We detected the expression level of circHPS5 in 46 paired HCC tissues and normal tissues adjacent to carcinoma using qRT–PCR and found that circHPS5 was significantly overexpressed in HCC tissues compared with paracancerous tissues (Figure 2A). Clinicopathological features showed that circHPS5 overexpression was positively associated with neoplasm size, tumor lymph node metastasis (TNM) stage, and microvascular invasion (Table S1). Furthermore, the area under the ROC curve (AUC) of circHPS5 in distinguishing HCC tissues and normal tissues was 0.8294, and the cut-off value was −8.510 (Figure 2B). According to a Kaplan–Meier survival curve, patients with higher circHPS5 expression showed reduced disease-free survival and overall survival times (Figures 2C and 2D). Univariate and multivariate analyses indicated that high circHPS5 expression could serve as an independent prognostic indicator for the overall survival of HCC patients (Figures 2E and 2F).

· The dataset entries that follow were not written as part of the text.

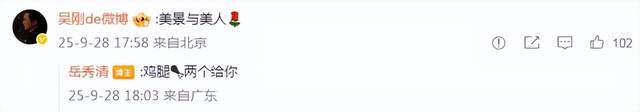 话说回来,除了网友晒出的偶遇照外,岳秀清也有在社交平台分享出巴黎度假时老公为她拍摄的美照,很快,吴刚就现身老婆评论区留言:“美景与美人”,岳秀清则回应“鸡腿,两个给你”。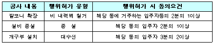 지금까지 세대구분형 공동주택을 설치하는 경우 대수선, 비 내력벽 철거 및 설비증설 등 공사행위별로 동의요건이 서로 다르고, 각각 행위허가를 신청해야 했다.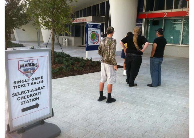 And then you have the Miami Marlins, whose fan base consists of four people standing in line to get tickets to the Miami Marlins Winter warm up FANFARE event. Evidently, they ate before they came to the park.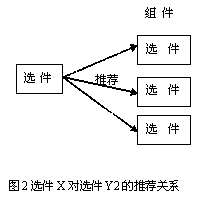 當(dāng)客戶選擇某個(gè)選件時(shí),系統(tǒng)自動(dòng)提示推薦另一選件,這種關(guān)系稱(chēng)為選件的推薦關(guān)系。比如,在配置手機(jī)產(chǎn)品時(shí),選擇了某電話選件,則推薦使用特定充電器型號(hào)選件,雖然其他類(lèi)似的選件也可以適用。如圖2所示,雖然選件X可以與組件Y內(nèi)的選件Y1,Y2,Y3搭配,但推薦使用Y2。
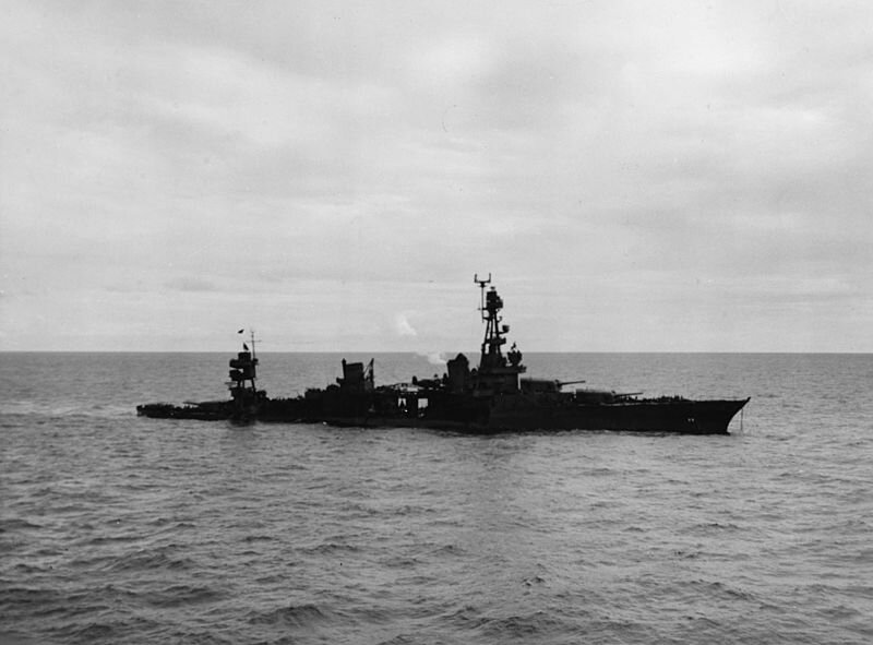 Крейсер потерял ход. Но американцы, как это часто бывало в годы Второй Мировой войны, показали, что они раздолбаи ровно до того момента, когда начинается борьба за живучесть. Аварийные команды отработали замечательно и нарастание крена удалось остановить.

circHPS5 plays a promoting role in HCC in vitro
To assess the effect exerted by circHPS5 in HCC cells, three shRNAs against circHPS5 (sh-circHPS5) were developed to silence circHPS5 with no impact on HPS5 mRNA levels in Hep3B and HCCLM3 cells (Figure 3A). Finally, sh-circHPS5 #1 was used to perform subsequent experiments due to its significant inhibition efficiency (Figure 3A). sh-circHPS5 was capable of inhibiting cell proliferation in Hep3B and HCCLM3 cells, as revealed by the results of CCK-8, colony formation, and 5-ethynyl-20-deoxyuridine (EdU) experiments (Figures 3B–3D). Flow cytometry showed that knockdown of circHPS5 enhanced cancer cell apoptosis (Figure 3E). Transwell and wound healing experiments showed that silencing circHPS5 significantly decreased Hep3B and HCCLM3 cell invasion and migration (Figures 3F and 3G), while overexpression of circHPS5 played the opposite role (Figure S2). Immunofluorescence results showed that E-cadherin was upregulated, vimentin was downregulated, and pseudopodia composed of α-actin were decreased, suggesting that the downregulation of circHPS5 can inhibit the EMT phenotype (Figures 4A and 4B), which is consistent with western blotting results (Figure 4C). In addition, the CSC percentage—and markers such as CD133 and CD44—were significantly reduced after knockdown of circHPS5 in HCC cells (Figures 4D–4F), while overexpression of circHPS5 exerted the opposite effects (Figure S3).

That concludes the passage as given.